I was planning to do a hell of a lot more than talk.

CH
APTER THIRTY-FOUR

R
OSE RETURNED ME TO THE
main infirmary—­­­a generic hotel room, identical to mine, but every surface was covered with regimented rows of medical supplies. A middle-aged woman wearing a lab coat and mom jeans startled when she caught sight of me.

“Rose! I had no idea she'd left!” She opened the door connecting our rooms, like she was making sure I wasn't there. “I'm so sorry!”

“Del has a mind of her own,” Rose said, waving away the apology. To me she said, “Rest now. Pushing too hard will turn you into a liability.”

There was no room in the Free Walkers for a liability.

“Come on,” Simon said, in a voice I'd heard him use to charm everyone from the lunch lady to my mother. I couldn't tell if he was using it on Rose or me—or both. He looped his arm with mine. “I can't see you that sick again.”

Rose spoke to the medic, their voices too low to hear, and then embraced me. She felt wiry and strong, so different from Monty's hollow fragility. “I'll check on you later,” she said. “We'll catch up.”

She marched away, and my breath eased.

“Let's get you settled in,” the medic said. Simon frowned at her, and she took a step back. “You heard your grandmother.”

“I'll take care of Del,” he replied, and steered me back to my room.

She scurried after us, a fluid-filled plastic bag in hand. “You need your IV. We'll use the other arm this time.”

“No thanks.” The crook of my elbow still felt tender from where the needle had gone in, my skin reddened from the tape.

She took an alcohol wipe from the nightstand. “Your system needs more glucose.”

“I feel fine,” I protested. “Getting out of bed helped. And the pitch here is good.” Which was true—with the Key World frequency filling the room, I was stronger and steadier than I'd been in the lobby.

“I'll stay with her,” said Simon. “We'll let you know if she feels lousy.”

“Rose's orders,” she said, brightly rigid.

Everything about the base camp felt temporary, like the Free Walkers didn't want anyone getting too comfortable, like they were ready to run at a moment's notice. Unsettling as the sensation was, tethering myself to the bed felt worse.

She folded her arms. “Do I need to ask your grandmother to come back?”

I didn't want to see Rose—not until I'd had a chance to process what she'd told me, not until Simon and I could make a plan. I was as much an outsider here as I'd been back home. Giving in,
I stretched out my arm and winced when the IV found its vein. The sugar hit my system in a cool, smooth rush, and I sighed deeply.

“You okay?” Simon asked, brow furrowing.

“Maybe I overdid it,” I admitted, and leaned against the headboard. The medic tsked as she left, closing the door behind her.

Simon bent to kiss my forehead. “I thought you were feeling better.”

“Thought so too.” I reached for him, and he lay down next to me.

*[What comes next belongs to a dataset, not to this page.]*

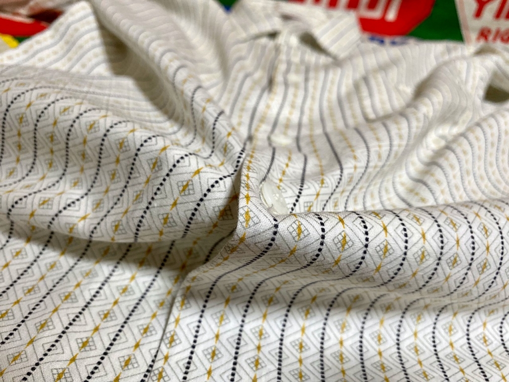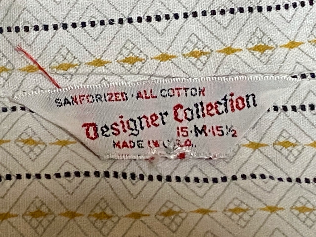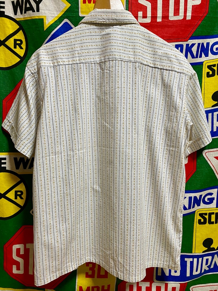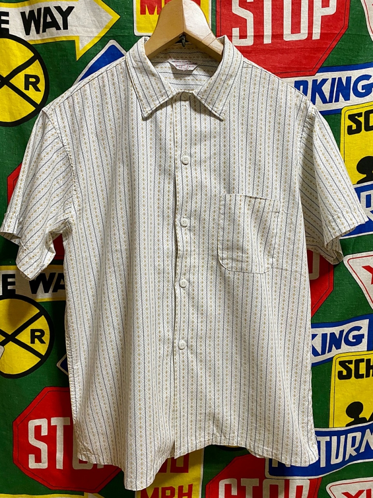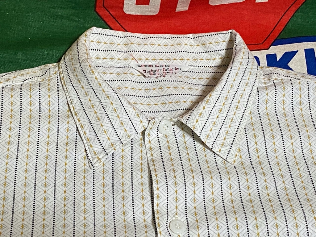 ★爽かな白ベース★Made in USA製アメリカ製Designer Collectionビンテージオープンカラーストライプ総柄プリントコットンシャツ60s60年代M 收藏
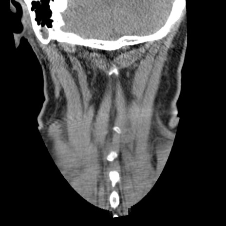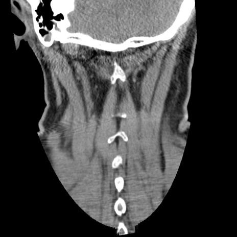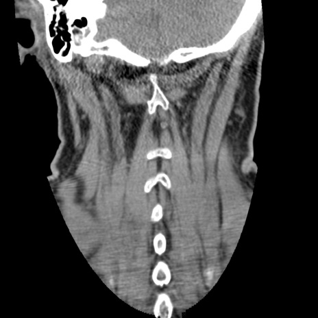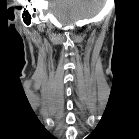【症例】60歳代女性 【主訴】後頭部〜右後頸部にかけての痛み 【現病歴】本日飲食店でコーヒーを飲んでいたところ、突然後頭部〜右後頸部にかけて痛みが出現し、右上肢の感覚障害を伴ったため救急要請。 【身体所見】脳神経学的に明らかな異常所見を認めず。右上肢に軽度の感覚障害あり。

“What's next?” He traced my features, the gesture soothing my frayed nerves.

“Don't know. It's like Addie says—I didn't
think.
I assumed they'd want me here. They'd let me help.”

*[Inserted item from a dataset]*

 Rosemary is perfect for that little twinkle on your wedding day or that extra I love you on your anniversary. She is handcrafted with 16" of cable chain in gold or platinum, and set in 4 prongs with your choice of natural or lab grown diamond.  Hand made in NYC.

“Rose wants you here. She was worried about you.”

I shook my head, heavy and slow. “She wanted Monty, so she used us. Monty used us because he wanted her. They're the perfect match.”

“Not as perfect as us.” Simon ran his fingers through my hair, coaxing out the knots.

“You really told her you wouldn't help without me?”

“She's pretty cold, Del. She didn't want Monty—she needed him. She let him sit around for twenty years before she brought him in. I wasn't going to take any chances with you.”

“Still the guy all the girls want,” I murmured. “Even grandmas.”

He chuckled as I burrowed closer, trying to soak up his warmth, The IV chilled me from the inside, a thread of cold running through my core, impossible to dispel.

My eyelids grew heavy, images of Simon in Train World springing to life with each drowsy blink. Even knowing he had survived wasn't enough to erase my guilt. “Should've stayed.”

“At home?” I felt him draw back and tip my chin up, but I couldn't summon the energy to meet his gaze. “Why—”

“Not home. Nothing there. Train World.”

His voice was warm and worried, and very far away. “Del, you had to go. I told you to go. You would have died.”

“So would you.”

“But I didn't,” he pointed out.

“I knew he wasn't you.” The words came with an effort, thick and sludgy. “That's why I broke his nose, mostly.”

“Mostly broke?” He sounded amused.

“Mostly him. Little you.”

“You were breaking my nose a little bit too?”

It was too much trouble to answer. Ice slipped and spread through my veins, carrying me further into sleep.

“Del?” Simon's hands on my shoulders, shaking me. Simon's fingers on my pulse. A crack of brightness beneath my lids, and a pinching sensation as I drifted away.

•   •   •

Someone was shaking me. Calling my name and shaking me, and I dragged the blankets over my head, a fuzzy cocoon. Warm again, I realized, finally. The cold in my blood was dissipating.

If I ignored Addie for long enough, she usually gave up. Playing possum bought me at least ten extra minutes of sleep. Long enough for her to go downstairs and complain to my parents, who would finish their coffee and their discussion before coming upstairs.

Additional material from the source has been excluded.